Jacques Lévesque
Jacques Lévesque is Professor emeritus of political science at the University of Quebec in Montreal and is the author of the essay Le Retour de la Russie (The Return of Russia), Varia, Montreal, 2007
Vladimir Putin has had two major international successes in recent months. In August he granted asylum to Edward Snowden, who had leaked details of the US National Security Agency's surveillance programmes, and was able to boast that Russia was the only country capable of standing up to US pressure - unlike China,Venezuela, Ecuador and Cuba, which all buckled.
Putin's success was partly due to the pressure that US Vice President Joe Biden and President Barack Obama put on governments tempted to welcome Snowden. The US behaved as if Snowden were a security threat comparable to Osama bin Laden, and even persuaded its allies to deny airspace to a plane carrying the Bolivian president, Evo Morales, which was suspected of having Snowden on board. The atmosphere made Putin seem all the more audacious at home and internationally. Many of Putin's opponents in Russia applauded his gesture, in the name of defence ofhuman rights and civil liberties.
But Putin's real success has been on Syria. Obama "provisionally" suspended planned air strikes on Syria after an undertaking from President Bashar al-Assad to destroy Syria's stock of chemical weapons, under the supervision of international monitors. Until then, the US had predicted Russia would face international isolation and rebuked it for supporting the Assad regime and opposing UN sanctions.
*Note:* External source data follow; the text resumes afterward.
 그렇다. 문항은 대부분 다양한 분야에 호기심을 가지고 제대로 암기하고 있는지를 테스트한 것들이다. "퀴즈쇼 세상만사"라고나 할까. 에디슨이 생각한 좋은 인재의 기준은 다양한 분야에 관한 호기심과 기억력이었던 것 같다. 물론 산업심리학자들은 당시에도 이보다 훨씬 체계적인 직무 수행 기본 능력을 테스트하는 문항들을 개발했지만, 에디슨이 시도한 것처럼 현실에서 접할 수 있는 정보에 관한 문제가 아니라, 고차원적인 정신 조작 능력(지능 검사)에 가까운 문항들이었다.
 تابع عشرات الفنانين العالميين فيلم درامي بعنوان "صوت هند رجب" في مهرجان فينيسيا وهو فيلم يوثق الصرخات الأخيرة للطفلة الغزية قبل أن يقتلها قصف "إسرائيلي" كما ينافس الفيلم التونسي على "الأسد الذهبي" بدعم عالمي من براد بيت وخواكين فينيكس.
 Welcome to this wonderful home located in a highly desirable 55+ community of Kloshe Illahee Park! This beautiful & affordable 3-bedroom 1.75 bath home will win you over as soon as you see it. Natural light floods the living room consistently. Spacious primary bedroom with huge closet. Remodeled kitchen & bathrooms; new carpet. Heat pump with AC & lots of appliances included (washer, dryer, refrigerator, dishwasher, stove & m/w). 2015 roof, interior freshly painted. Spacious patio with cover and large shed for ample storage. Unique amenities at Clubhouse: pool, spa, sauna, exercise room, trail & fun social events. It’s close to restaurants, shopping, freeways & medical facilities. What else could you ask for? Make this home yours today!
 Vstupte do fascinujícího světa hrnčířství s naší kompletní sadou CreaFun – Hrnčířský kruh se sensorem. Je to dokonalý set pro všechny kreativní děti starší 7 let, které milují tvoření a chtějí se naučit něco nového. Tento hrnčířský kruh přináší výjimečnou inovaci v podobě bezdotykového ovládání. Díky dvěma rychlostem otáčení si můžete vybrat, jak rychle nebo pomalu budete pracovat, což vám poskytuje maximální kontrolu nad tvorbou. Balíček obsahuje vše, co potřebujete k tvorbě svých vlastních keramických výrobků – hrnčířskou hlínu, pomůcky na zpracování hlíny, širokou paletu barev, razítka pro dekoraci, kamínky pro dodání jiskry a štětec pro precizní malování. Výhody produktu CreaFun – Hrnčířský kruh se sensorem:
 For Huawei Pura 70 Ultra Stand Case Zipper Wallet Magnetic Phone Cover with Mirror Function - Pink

Now Putin looks like a wise statesman who has managed to avoid a military expedition with potentially disastrous consequences.
Putin's triumph was facilitated by US miscalculations. Obama failed to persuade the UK to take part in the planned operation and was about to face a second humiliation in failing to secure the approval of Congress. Though the military action Obama had decided to support to maintain credibility was "unbelievably limited", as US secretary of state John Kerry put it (1), Obama hated having to do it. The day after the agreement made possible by Putin, Izvestia carried the headline "Russia Comes to Obama's Rescue". Putin prudently avoided the triumphalism of his more sycophantic supporters. He saw these developments as a sign of the times and a historic opportunity not to be missed; if Snowden had arrived in Moscow in October rather than July, he would probably not have been able to stay.
Behind the take on Syria
Russia's attitude to the Syrian conflict has revealed its fears and frustrations, as well as its long-term international goals and ambitions. It has also revealed Putin's problems at home.
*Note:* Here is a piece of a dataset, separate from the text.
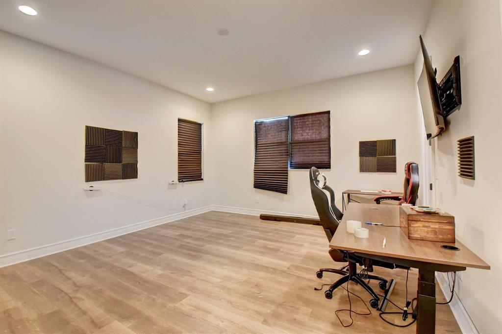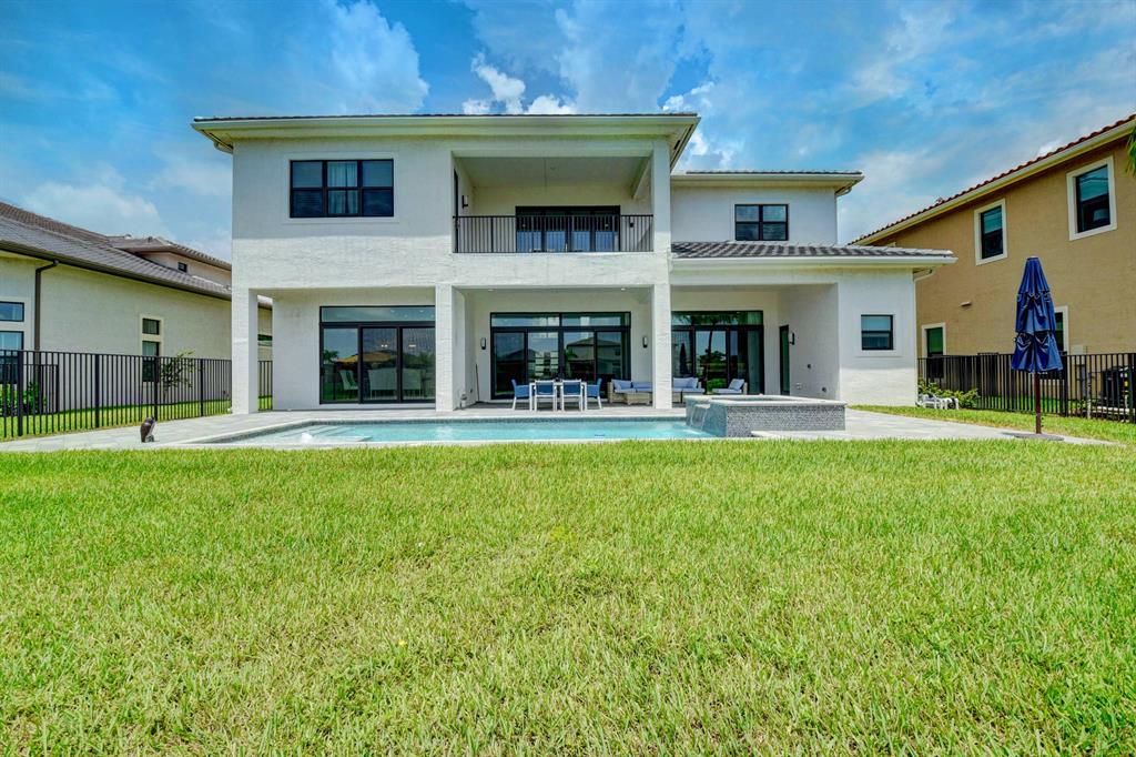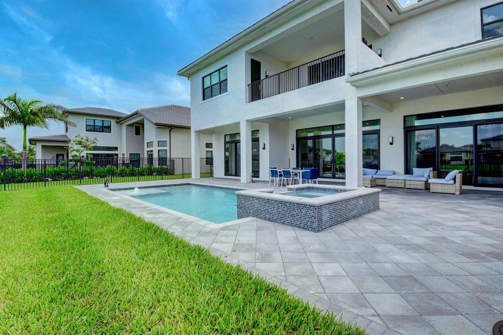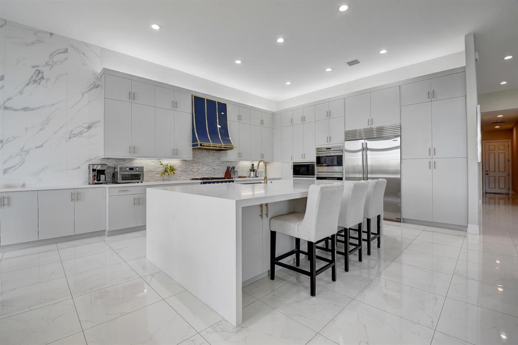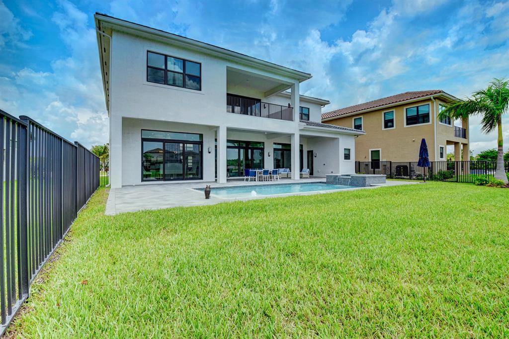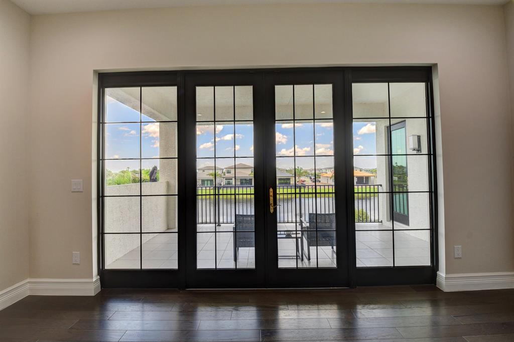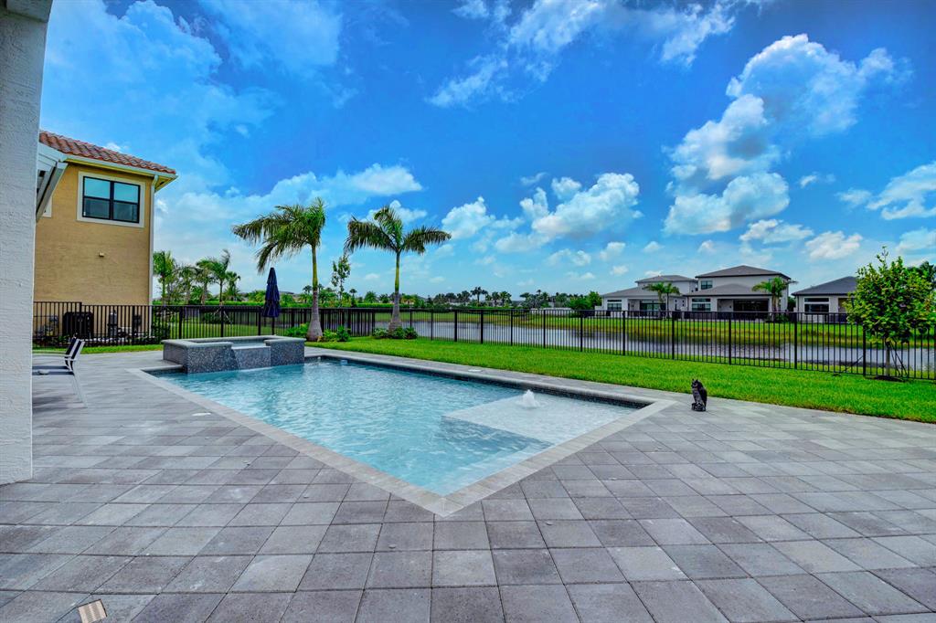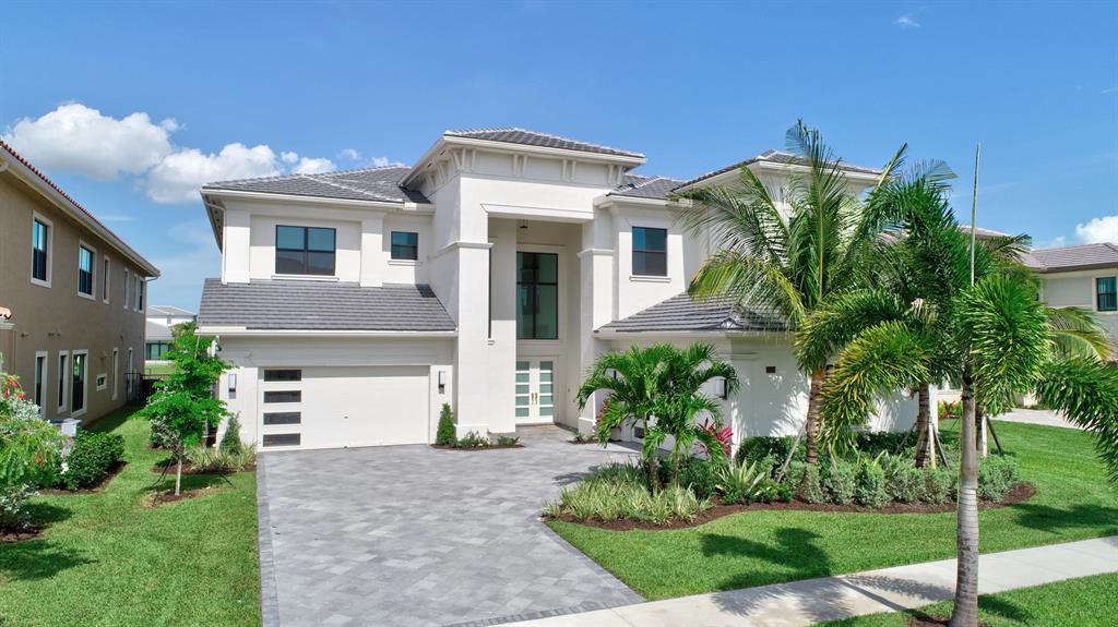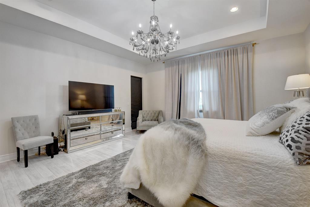 Contemporary RIVERSIDE floorplan with design and finishes by Restoration Hardware. The home overlooks the pool and lake with an east facing backyard. Stunning 2-story foyer. 5 bedrooms, 6.1 baths. Club Room with wet bar with grass cloth covered walls, a private retreat & the loft provide additional living areas. LED fireplace in the great room. Beautiful window treatments. 4-car garage with a fully equipped gym in the air conditioned portion. Porcelain tile in the main living area. Stunning wide-plank genuine wood flooring on the staircase, club room and upstairs bedrooms. Top of the line name brand kitchen appliances; 5 burner gas range. The most up to date warm gold fixtures on the kitchen cabinetry. Heated pool and spa. The side easement adds additional grassy area.

The legacy of the Chechen wars (1994-1996 and 1999-2000) persists. Though bombings and attacks on the police are no longer on the same scale, they are still frequent, and have spread - especially to Dagestan and Ingushetia, even if the incidents there have more to do with crime than politics. Chechen militants are less coordinated and more dispersed, but still present: in July 2012 there were two unprecedented bombings in Tatarstan, a long way from North Caucasus; and the Chechen rebel leader Doku Umarov, who has proclaimed himself emir of the Caucasus, has threatened to attack the Winter Olympics at Sochi in 2014.
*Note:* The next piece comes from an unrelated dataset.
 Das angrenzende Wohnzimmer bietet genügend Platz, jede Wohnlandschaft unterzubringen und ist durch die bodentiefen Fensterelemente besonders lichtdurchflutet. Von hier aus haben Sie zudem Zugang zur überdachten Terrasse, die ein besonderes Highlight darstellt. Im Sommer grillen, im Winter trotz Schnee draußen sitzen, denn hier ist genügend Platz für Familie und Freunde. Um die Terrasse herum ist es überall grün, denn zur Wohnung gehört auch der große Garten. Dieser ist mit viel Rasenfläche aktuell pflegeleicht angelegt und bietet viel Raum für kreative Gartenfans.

A large section of the Russian media believes, like US observers such as Gordon Hahn of the Center for Strategic and International Studies (CSIS) (2), that several hundred Russian fighters are in Syria, opposing the Assad regime. This could explain the continued arms deliveries to the Assad government. Putin and his entourage fear that defeat for government forces would turn Syria into another Somalia, with more weapons, in a region that is far more dangerous and could become a support base for rebel fighters operating in Russia. It has taken some time for these fears to be shared by the US, which initially underestimated the resilience of those loyal to Assad.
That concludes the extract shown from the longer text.